[THE DATA Boundary: Start]

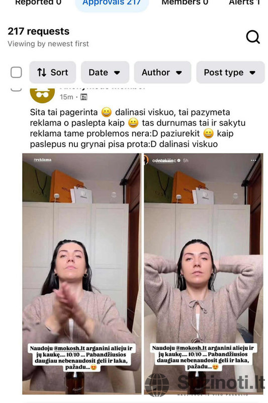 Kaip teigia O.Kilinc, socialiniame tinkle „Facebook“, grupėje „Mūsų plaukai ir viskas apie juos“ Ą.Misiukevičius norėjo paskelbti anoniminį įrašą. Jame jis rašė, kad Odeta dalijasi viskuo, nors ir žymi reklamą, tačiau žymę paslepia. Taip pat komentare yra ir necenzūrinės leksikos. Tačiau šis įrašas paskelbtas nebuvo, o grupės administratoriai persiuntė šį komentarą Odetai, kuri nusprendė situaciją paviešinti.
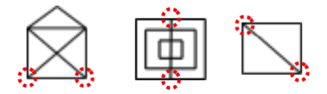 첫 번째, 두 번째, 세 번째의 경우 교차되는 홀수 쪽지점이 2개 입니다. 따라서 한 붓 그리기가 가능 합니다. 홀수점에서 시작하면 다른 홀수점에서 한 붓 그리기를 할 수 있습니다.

[THE DATA Boundary: End]
[THE DATA Boundary: Start]

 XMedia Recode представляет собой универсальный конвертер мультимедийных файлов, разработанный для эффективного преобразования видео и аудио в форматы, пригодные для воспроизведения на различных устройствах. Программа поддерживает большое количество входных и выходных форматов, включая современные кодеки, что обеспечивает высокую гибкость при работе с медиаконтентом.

[THE DATA Boundary: End]
[THE DATA Boundary: Start]

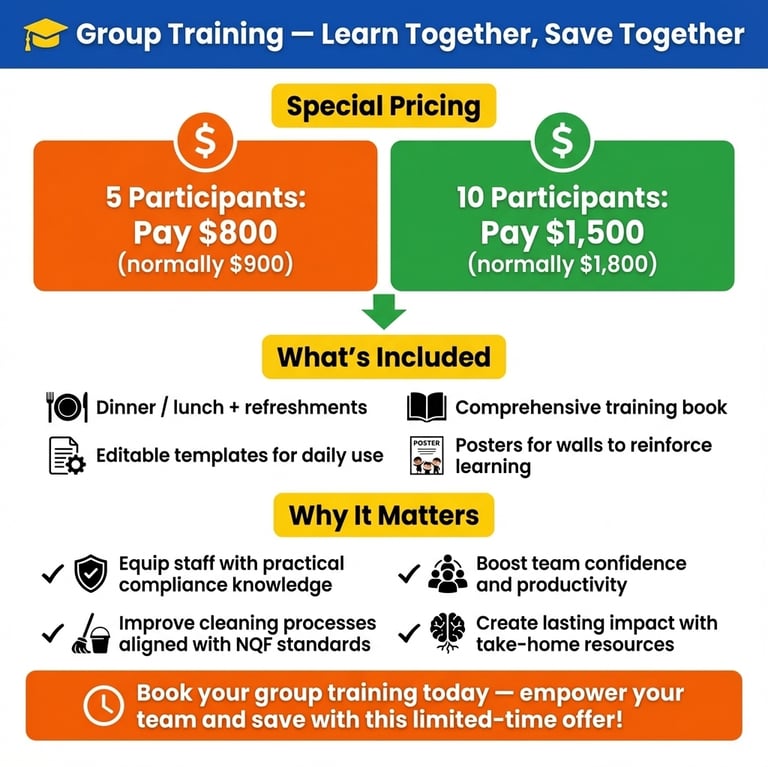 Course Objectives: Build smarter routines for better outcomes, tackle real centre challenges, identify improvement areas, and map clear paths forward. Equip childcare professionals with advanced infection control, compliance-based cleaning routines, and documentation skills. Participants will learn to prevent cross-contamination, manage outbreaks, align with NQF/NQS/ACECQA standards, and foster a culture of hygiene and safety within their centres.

[THE DATA Boundary: End]

Nothing but the lines from the one with "Kaip teigia O.Kilinc, socialiniame" up to and including the one with "첫 번째, 두 번째, 세" should be printed, exactly as they read above. Please keep the pictures out.

 Kaip teigia O.Kilinc, socialiniame tinkle „Facebook“, grupėje „Mūsų plaukai ir viskas apie juos“ Ą.Misiukevičius norėjo paskelbti anoniminį įrašą. Jame jis rašė, kad Odeta dalijasi viskuo, nors ir žymi reklamą, tačiau žymę paslepia. Taip pat komentare yra ir necenzūrinės leksikos. Tačiau šis įrašas paskelbtas nebuvo, o grupės administratoriai persiuntė šį komentarą Odetai, kuri nusprendė situaciją paviešinti.
 첫 번째, 두 번째, 세 번째의 경우 교차되는 홀수 쪽지점이 2개 입니다. 따라서 한 붓 그리기가 가능 합니다. 홀수점에서 시작하면 다른 홀수점에서 한 붓 그리기를 할 수 있습니다.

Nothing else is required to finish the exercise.